«Würde des Menschen» ohne Vorbehalt
von Herbert Holliger, Arlesheim
Der Geschäftsführer der Patientenorganisation Anthrosana kämpft mit dem Komitee zum Schutz der Menschenwürde für Grundrechte.
Gegen eine gesamtschweizerisch einheitliche, umfassende Regelung der Forschung mit Menschen ist grundsätzlich nichts einzuwenden. Die Abstimmung zum Verfassungsartikel 118b «Forschung am Menschen» (7. März) wirft jedoch tiefgreifende moralisch-ethische Fragen auf, die bisher leider kaum öffentlich diskutiert wurden. Das ist bedauerlich, da in der Bundesverfassung bei den Grundrechten an erster Stelle steht: «Die Würde des Menschen ist zu achten und zu schützen.» Schutz der Menschenwürde ist also einer der höchsten, wenn nicht der höchste Wert der Verfassung und muss deshalb absolut unantastbar bleiben. Zwar steht im vorgeschlagenen Artikel im ersten Absatz, der Bund erlasse Vorschriften über Forschung am Menschen, «soweit der Schutz der Würde und seiner Persönlichkeit es erfordert». Die Relativierung der Menschenwürde wird im zweiten Satz aber klar: «Er wahrt dabei die Forschungsfreiheit und trägt der Bedeutung der Forschung für Gesundheit und Gesellschaft Rechnung.» Obwohl Forschungsfreiheit durch Artikel 20 der Verfassung garantiert ist, wird hier erneut explizit – verstärkt durch die Interessen der Gesellschaft – auf diese hingewiesen.
Offensichtlich soll hier künftig eine Güterabwägung zwischen berechtigten Anliegen von Forschung und Gesellschaft sowie den nicht abwägbaren Grundrechten Betroffener stattfinden. Die Würde des Menschen als erstgenanntes Grundrecht muss aber von jedem Wertekonflikt ausgeschlossen, als unantastbares Prinzip anerkannt sein. Kann man sich vorstellen, dass die mit dem neuen Artikel 118b unvermeidlichen Konflikte zwischen Menschenwürde und Forschungsfreiheit zugunsten urteilsunfähiger, oft hilfloser Kleinkinder, Schwerbehinderter oder -kranker entschieden würden? Da bei Forschungsprojekten oft die Reputation der Wissenschaftler und Wissenschaftlerinnen oder ökonomische Interessen im Zentrum stehen, ist dies wohl jedem klar.
Das Wohl der Schwachen
Bei Annahme der Vorlage ist zu befürchten, dass Menschenwürde und Persönlichkeitsrechte Betroffener oft der Forschungsfreiheit untergeordnet würden. Die vorgeschlagene, stellvertretende Einwilligung dürfte aber immer nur im Interesse urteilsunfähiger Personen abgegeben werden.

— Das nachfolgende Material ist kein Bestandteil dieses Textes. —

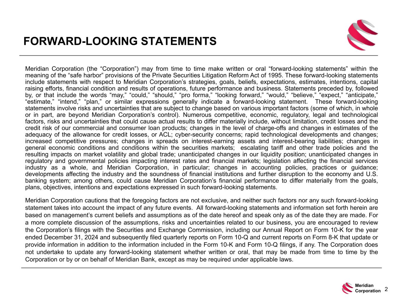 FORWARD-LOOKING STATEMENTS Meridian Corporation (the “Corporation”) may from time to time make written or oral “forward-looking statements” within the meaning of the “safe harbor” provisions of the Private Securities Litigation Reform Act of 1995. These forward-looking statements include statements with respect to Meridian Corporation’s strategies, goals, beliefs, expectations, estimates, intentions, capital raising efforts, financial condition and results of operations, future performance and business. Statements preceded by, followed by, or that include the words “may,” “could,” “should,” “pro forma,” “looking forward,” “would,” “believe,” “expect,” “anticipate,” “estimate,” “intend,” “plan,” or similar expressions generally indicate a forward-looking statement. These forward-looking statements involve risks and uncertainties that are subject to change based on various important factors (some of which, in whole or in part, are beyond Meridian Corporation’s control). Numerous competitive, economic, regulatory, legal and technological factors, risks and uncertainties that could cause actual results to differ materially include, without limitation, credit losses and the credit risk of our commercial and consumer loan products; changes in the level of charge-offs and changes in estimates of the adequacy of the allowance for credit losses, or ACL; cyber-security concerns; rapid technological developments and changes; increased competitive pressures; changes in spreads on interest-earning assets and interest-bearing liabilities; changes in general economic conditions and conditions within the securities markets; escalating tariff and other trade policies and the resulting impacts on market volatility and global trade; unanticipated changes in our liquidity position; unanticipated changes in regulatory and governmental policies impacting interest rates and financial markets; legislation affecting the financial services industry as a whole, and Meridian Corporation, in particular; changes in accounting policies, practices or guidance; developments affecting the industry and the soundness of financial institutions and further disruption to the economy and U.S. banking system; among others, could cause Meridian Corporation’s financial performance to differ materially from the goals, plans, objectives, intentions and expectations expressed in such forward-looking statements. Meridian Corporation cautions that the foregoing factors are not exclusive, and neither such factors nor any such forward-looking statement takes into account the impact of any future events. All forward-looking statements and information set forth herein are based on management’s current beliefs and assumptions as of the date hereof and speak only as of the date they are made. For a more complete discussion of the assumptions, risks and uncertainties related to our business, you are encouraged to review the Corporation’s filings with the Securities and Exchange Commission, including our Annual Report on Form 10-K for the year ended December 31, 2024 and subsequently filed quarterly reports on Form 10-Q and current reports on Form 8-K that update or provide information in addition to the information included in the Form 10-K and Form 10-Q filings, if any. The Corporation does not undertake to update any forward-looking statement whether written or oral, that may be made from time to time by the Corporation or by or on behalf of Meridian Bank, except as may be required under applicable laws. Meridian Corporation 2

Nie darf das Wohl unmündiger Personen möglichem Nutzen eines Forschungsprojekts für die Gesellschaft allgemein unterstellt werden. Also ist fremdnützige Forschung mit Urteilsunfähigen strikt abzulehnen, da diese von den Ergebnissen nicht selber direkt profitieren. Forschung, die sich über Bedürfnisse und Rechte von Kindern, Behinderten, Dementen oder psychisch Kranken legal hinwegsetzen darf, müssen wir unbedingt verhindern. In der Präambel zur Bundesverfassung steht nicht ohne Grund: «[…] gewiss, dass die Stärke des Volkes sich misst am Wohl der Schwachen».
BAZ 15.02.2010, Forum, Gastbeitrag
Beim Ja zur Vorlage ist zu befürchten, dass Persönlichkeitsrechte der Forschungsfreiheit untergeordnet werden.